Once smitten, twice the fun

The spotlight focuses on the stage where a man is lying on the floor and slowly starts moving. A second glance reveals that the man is actually two men who appear to be melted together.

The scene serves as a powerful introduction to Tina Tarpgaard’s ‘Tørst’, the first part of ‘… and it ends TWICE’. It deals with the emotions that emerge when humans find themselves in a desperate situation. The two male dancers make the audience feel the pain, frustration and basic human needs that naturally occur in such a fight for survival.

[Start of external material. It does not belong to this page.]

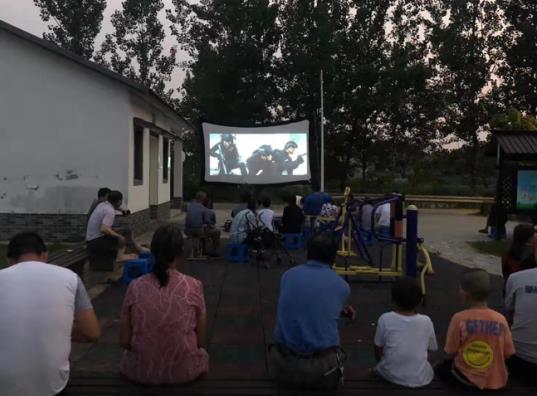 6月11日晚,南京市江寧區(qū)江寧街道西寧村在張莊村播放紅色電影-紅海行動。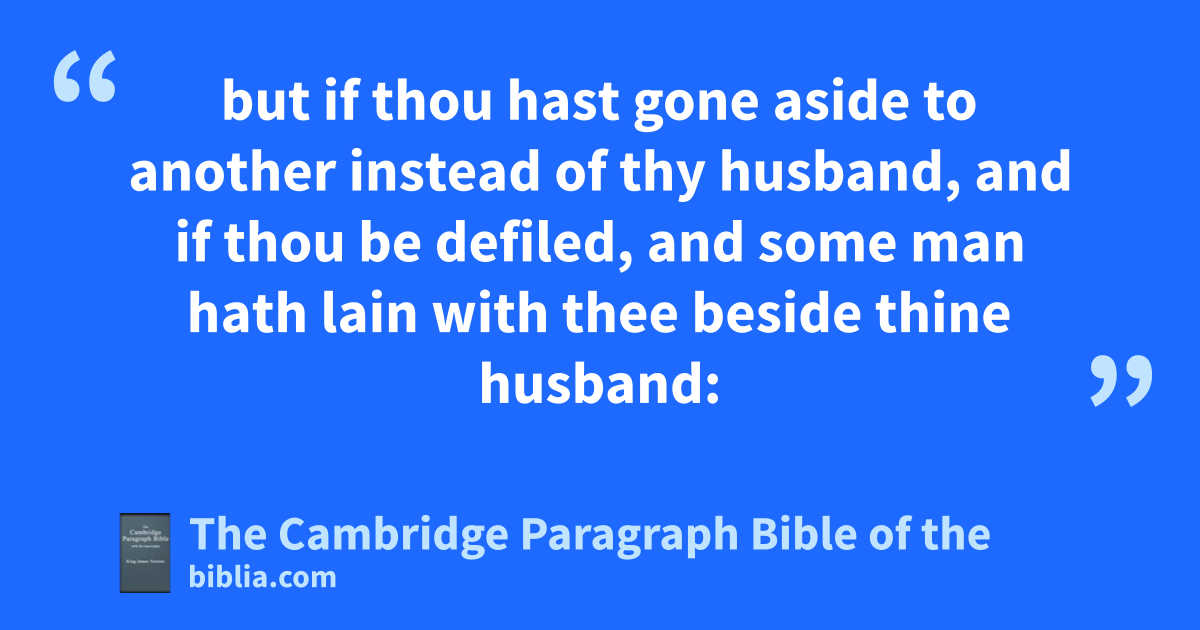 11 And the Lord spake unto Moses, saying, 12 Speak unto the children of Israel, and say unto them, If any man’s wife go aside, and commit a trespass against him, 13 and a man lie with her carnally, and it be hid from the eyes of her husband, and be kept close, and she be defiled, and there be no witness against her, neither mshe be taken with the manner; 14 and the spirit of jealousy come upon him, and he be jealous of his wife, and she be defiled: or if the spirit of jealousy come upon him, and he be jealous of his wife, and she be not defiled: 15 then shall the man bring his wife unto the priest, and he shall bring her offering for her, the tenth part of an ephah of barley meal; nhe shall pour no oil upon it, nor put frankincense thereon; for it is an offering of jealousy, an offering of memorial, obringing iniquity to remembrance. 16 And the priest shall bring her near, and set her before the Lord: 17 and the priest shall take holy water in an earthen vessel; and of the dust that is in the floor of the tabernacle the priest shall take, and put it into the water: 18 and the priest shall set the woman before the Lord, and uncover the woman’s head, and put the offering of memorial in her hands, which is the jealousy offering: and the priest shall have in his hand the bitter water that causeth the curse: 19 and the priest shall charge her by an oath, and say unto the woman, If no man have lain with thee, and if thou hast not gone aside to uncleanness * with another instead of thy husband, be thou free from this bitter water that causeth the curse: 20 but if thou hast gone aside to another instead of thy husband, and if thou be defiled, and some man hath lain with thee beside thine husband: 21 then the priest shall pcharge the woman with an oath of cursing, and the priest shall say unto the woman, qThe Lord make thee a curse and an oath among thy people, when the Lord doth make thy thigh to * rot, and thy belly to swell; 22 and this water that causeth the curse rshall go into thy bowels, to make thy belly to swell, and thy thigh to rot: And the woman shall say, sAmen, amen. 23 And the priest shall write these curses in a book, and he shall blot them out with the bitter water: 24 and he shall cause the woman to drink the bitter water that causeth the curse: and the water that causeth the curse shall enter into her, and become bitter. 25 Then the priest shall take the jealousy offering out of the woman’s hand, and shall twave the offering before the Lord, and offer it upon the altar: 26 and the priest ushall take a handful of the offering, even the memorial thereof, and burn it upon the altar, and afterward shall cause the woman to drink the water. 27 And when he hath made her to drink the water, then it shall come to pass, that if she be defiled, and have done trespass against her husband, that the water that causeth the curse shall enter into her, and become bitter, and her belly shall swell, and her thigh shall rot: and the woman xshall be a curse among her people. 28 And if the woman be not defiled, but be clean; then she shall be free, and shall conceive seed. 29 This is the law of jealousies, when a wife goeth aside to another yinstead of her husband, and is defiled; 30 or when the spirit of jealousy cometh upon him, and he be jealous over his wife, and shall set the woman before the Lord, and the priest shall execute upon her all this law. 31 Then shall the man be guiltless from iniquity, and this woman zshall bear her iniquity.

Clever lighting turns the stage into a burning hot, dry desert in which the dancers fight, scream and sweat as well as hold and stroke each other. At first, one of them seems more dependent on the other, actually crawling around on him to get his attention, but as it will transpire, he is not the only one who longs for human touch. It is beautiful to see human instincts like this come alive through such stunning choreography. Tarpgaard has really managed to express the animal within man.

Nelson Rodriguez-Smith’s ‘Mente’, the second part, deals with the subconscious. Constant voices and sounds in the background trigger the delicate movements of the dancers. They are in a surreal world where nothing else matters but their own heartbeat. The clock is ticking, and the dancers take in every sound and respond with exquisite moves.

The dancers move around effortlessly. But it sure isn’t as easy as it looks. Their flexibility, strength, balance and trust in one another add up to a perfect performance.

Simply put, this is beautifully odd. The lights astonish, the choreography charms and the dancers mesmerise, although it does get a bit repetitive at times.

Overall though, it is a triumph. Human nature has been thoughtfully transposed to dance, and the added bonus? It ends twice!